### About this task
Look through the entries below for the line with "Braided bread topped" and the line with "Säljer en fluffig", then give again exactly those two lines and all lines between them, minus the pictures.

[Exercise data — start]

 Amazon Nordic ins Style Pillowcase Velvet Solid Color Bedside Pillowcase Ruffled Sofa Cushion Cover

[Exercise data — finish]
[Exercise data — start]

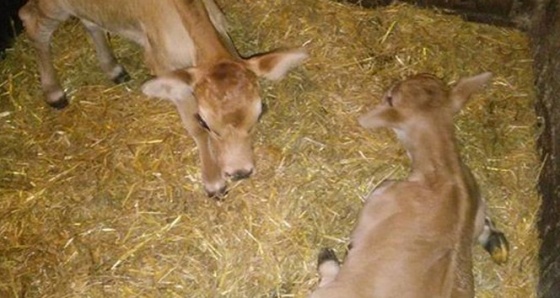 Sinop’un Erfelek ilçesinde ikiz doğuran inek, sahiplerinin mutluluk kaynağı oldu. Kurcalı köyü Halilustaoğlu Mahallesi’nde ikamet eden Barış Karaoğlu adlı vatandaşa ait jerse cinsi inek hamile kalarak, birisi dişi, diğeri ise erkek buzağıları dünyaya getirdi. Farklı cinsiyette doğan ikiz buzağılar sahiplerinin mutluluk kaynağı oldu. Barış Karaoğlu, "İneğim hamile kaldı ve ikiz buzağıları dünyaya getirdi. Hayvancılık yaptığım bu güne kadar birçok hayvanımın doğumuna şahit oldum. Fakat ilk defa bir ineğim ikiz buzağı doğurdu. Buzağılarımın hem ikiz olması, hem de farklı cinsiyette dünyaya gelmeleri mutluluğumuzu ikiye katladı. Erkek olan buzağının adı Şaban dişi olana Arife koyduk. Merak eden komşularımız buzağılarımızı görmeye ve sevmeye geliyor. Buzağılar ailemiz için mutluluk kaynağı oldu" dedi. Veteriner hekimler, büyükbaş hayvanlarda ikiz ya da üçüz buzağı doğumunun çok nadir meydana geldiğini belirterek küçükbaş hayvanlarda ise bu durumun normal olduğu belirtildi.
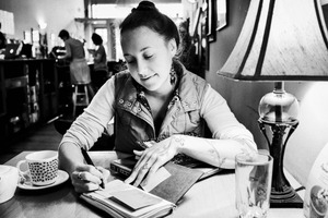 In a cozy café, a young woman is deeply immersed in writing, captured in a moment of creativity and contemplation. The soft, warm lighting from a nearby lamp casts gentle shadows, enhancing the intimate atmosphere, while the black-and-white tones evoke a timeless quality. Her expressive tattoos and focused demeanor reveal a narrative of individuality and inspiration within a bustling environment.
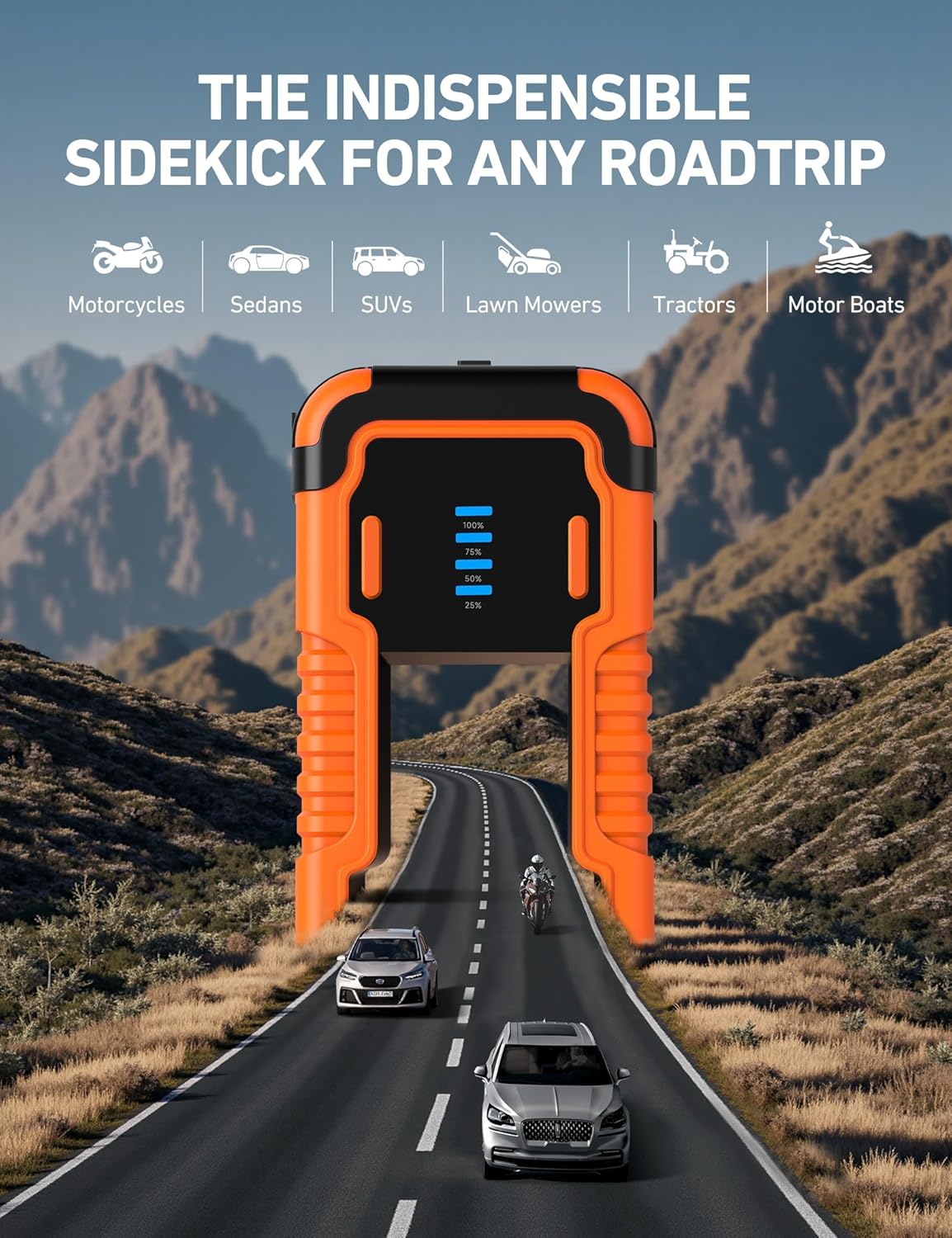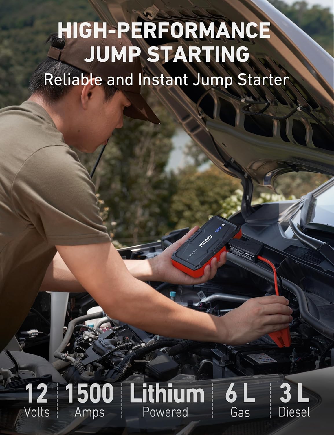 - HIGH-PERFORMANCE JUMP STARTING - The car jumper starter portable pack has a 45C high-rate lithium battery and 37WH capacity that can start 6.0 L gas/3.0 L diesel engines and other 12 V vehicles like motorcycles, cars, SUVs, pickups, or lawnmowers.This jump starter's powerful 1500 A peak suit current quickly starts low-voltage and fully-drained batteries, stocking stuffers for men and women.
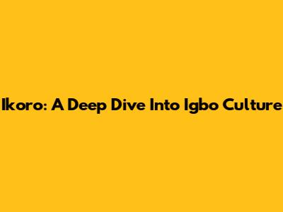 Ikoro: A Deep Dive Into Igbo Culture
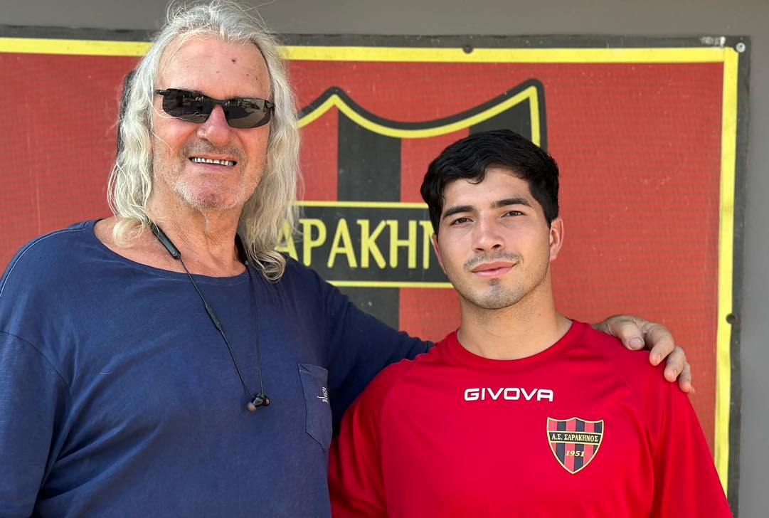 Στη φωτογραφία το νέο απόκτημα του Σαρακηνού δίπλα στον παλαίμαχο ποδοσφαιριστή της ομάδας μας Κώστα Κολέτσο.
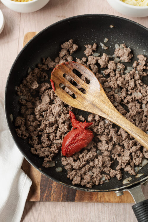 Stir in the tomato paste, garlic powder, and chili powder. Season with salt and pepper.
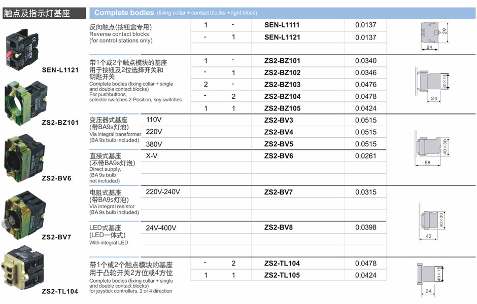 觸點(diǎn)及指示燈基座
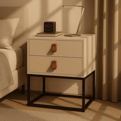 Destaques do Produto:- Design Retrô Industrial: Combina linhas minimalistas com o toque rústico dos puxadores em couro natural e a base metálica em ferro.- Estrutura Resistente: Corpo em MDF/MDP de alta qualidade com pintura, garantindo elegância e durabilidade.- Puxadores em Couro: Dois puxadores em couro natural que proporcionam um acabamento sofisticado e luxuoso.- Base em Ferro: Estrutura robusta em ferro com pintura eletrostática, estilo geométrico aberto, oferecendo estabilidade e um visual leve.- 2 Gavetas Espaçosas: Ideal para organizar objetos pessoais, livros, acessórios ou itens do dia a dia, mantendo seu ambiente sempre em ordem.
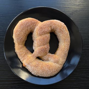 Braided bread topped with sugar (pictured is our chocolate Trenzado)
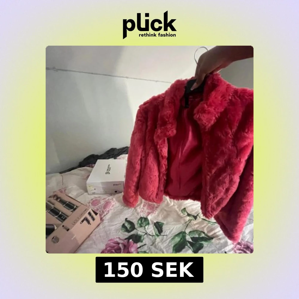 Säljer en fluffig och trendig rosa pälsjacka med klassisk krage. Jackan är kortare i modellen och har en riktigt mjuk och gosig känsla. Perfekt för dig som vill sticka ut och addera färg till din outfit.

[Exercise data — finish]

### Result
 Braided bread topped with sugar (pictured is our chocolate Trenzado)
 Säljer en fluffig och trendig rosa pälsjacka med klassisk krage. Jackan är kortare i modellen och har en riktigt mjuk och gosig känsla. Perfekt för dig som vill sticka ut och addera färg till din outfit.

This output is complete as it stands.